Se o julgamento no TSE deu em alguma coisa, deve-se a Gilmar Mendes. Sua obra de demolição progressiva do respeito público pela Justiça não inovou no seu método –o escárnio agressivo, como arma do facciosismo. Mas criou ali um risco para os seus colegas no Supremo Tribunal Federal. O novo pedido de impeachment de Gilmar Mendes foi preparado para dirigir-se, desta vez, ao STF. O primeiro foi dirigido, como devia ser, ao Senado, onde Renan Calheiros representou a covardia da Casa e o engavetou. A nova destinação é uma beira de abismo para os colegas de Gilmar Mendes.
Os autores do pedido são Cláudio Fontelles e Marcelo Neves. Este, professor de direito da Universidade de Brasília. O primeiro é o ex-procurador-geral da República que reinaugurou a decência na Procuradoria Geral, seguindo-se a Geraldo Brindeiro, o "engavetador-geral" nomeado e mantido por Fernando Henrique.
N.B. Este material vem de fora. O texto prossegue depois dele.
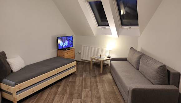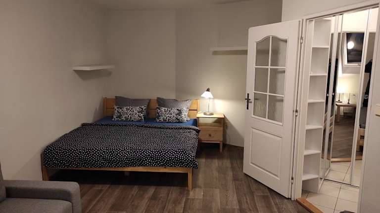 Die Ferienwohnung besteht aus einem Schlafzimmer und ist ausgestattet mit einer Küche, die einen Ofen beinhaltet. Sie verfügt über ein Badezimmer mit einer Badewanne und einer Waschmaschine. Ein Flachbild-TV ist ebenfalls vorhanden.

Fontelles, que recusou a reeleição porque no passado defendera o rodízio rígido, desfruta de alto prestígio na classe jurídica por sua honorabilidade e pelo saber. É notório que não está se lançando em leviandade.
Um processo de impeachment não é, porém, coisa esperável no Supremo dos nossos dias. Até para a mera admissão do pedido, considerada a proximidade intelectual da presidente Cármen Lúcia a Gilmar Mendes. Além disso, a índole dominante no conjunto de ministros é a de pessoas acima de qualquer restrição, por mais que um ou outro dos juízes derrube, em visões externas, a autoconsagração.
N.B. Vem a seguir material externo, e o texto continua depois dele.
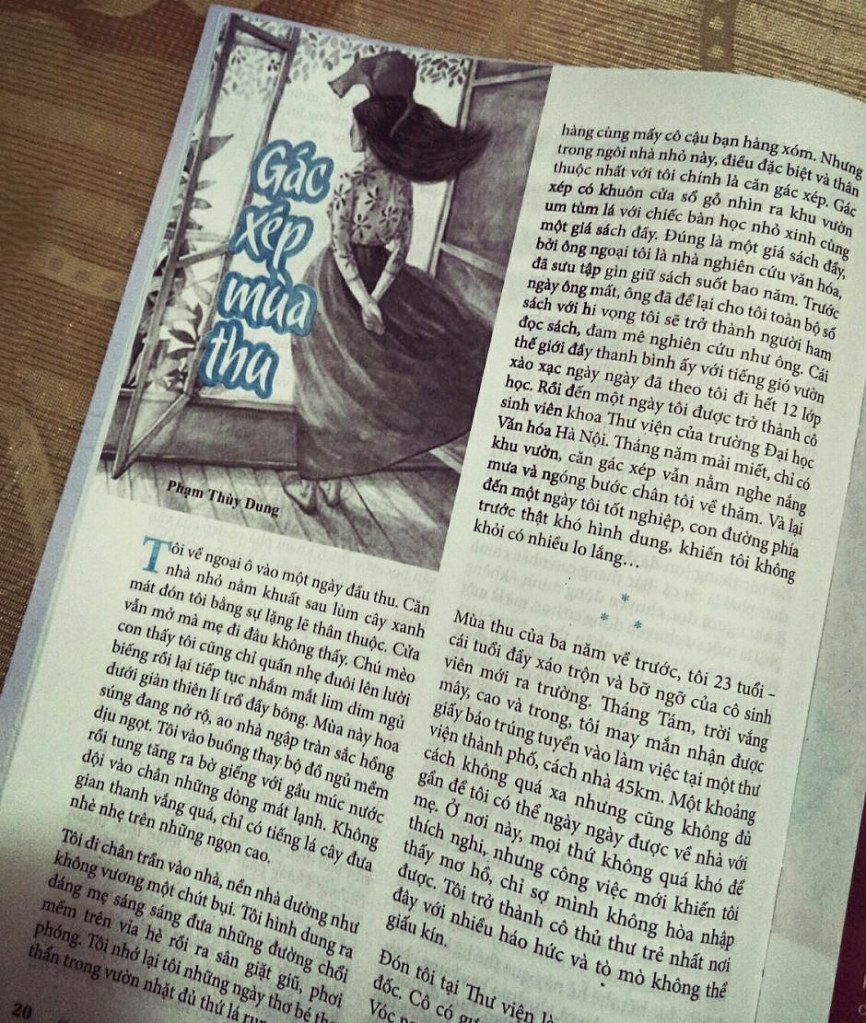 🍀 Tôi đi chân trần vào nhà, nền nhà dường như không vương một chút bụi. Tôi hình dung ra dáng mẹ sáng sáng đưa những đường chổi mềm trên vỉa hè rồi ra sân giặt giũ, phơi phóng. Tôi nhớ lại tôi những ngày thơ bé tha thẩn trong vườn nhặt đủ thứ lá rụng chơi đồ hàng cùng mấy cô cậu bạn hàng xóm. Nhưng trong ngôi nhà nhỏ này, đặc biệt và thân thuộc nhất với tôi chính là căn gác xép. Gác xép có khuôn cửa sổ gỗ nhìn ra khu vườn um tùm lá với chiếc bàn học nhỏ xinh cùng một giá sách đầy. Đúng là một giá sách đầy, bởi ông ngoại tôi là nhà nghiên cứu văn hóa, đã sưu tập gìn giữ sách suốt bao năm. Trước ngày ông mất, ông đã để lại cho tôi toàn bộ số sách với hy vọng tôi sẽ trở thành người ham đọc sách và đam mê nghiên cứu. Cái thế giới đầy thanh bình ấy với tiếng gió vườn xào xạc ngày ngày đã theo tôi đi hết 12 lớp học. Rồi đến một ngày tôi được trở thành cô sinh viên khoa Thư viện của trường Đại học Văn hóa Hà Nội. Tháng năm mải miết, chỉ có khu vườn, căn gác xép vẫn nằm nghe nắng mưa và ngóng bước chân tôi về. Và lại đến một ngày tôi tốt nghiệp, con đường phía trước thật khó hình dung, khiến tôi không khỏi có nhiều lo lắng…

Se aceitar o processo de impeachment seria um despropósito para os colegas de Gilmar Mendes, repeli-lo, a priori ou por decisão final, seria desastroso. Do ponto de vista mais objetivo, são inúmeras as provas de conduta imprópria desse ministro que se considera acima de todo regramento. E das maneiras pessoais civilizadas –sobretudo se recomendadas pela ética da magistratura.
A par daquele cadastro factual, prevalece na opinião pública, por iniciativa do próprio Gilmar Mendes, a convicção de sua incompatibilidade com a função. E não se vislumbra defesa possível para as atitudes que formaram tal convicção e, muito menos, para convencer a opinião pública. Admitir o processo será um martírio; recusá-lo leva ao risco de estender ao Supremo o conceito hoje ostentado pelo TSE.
O Supremo está à porta do seu momento mais difícil. Seus últimos presidentes quiseram assim, preferindo curvar-se, omissos, aos desafios de Gilmar Mendes.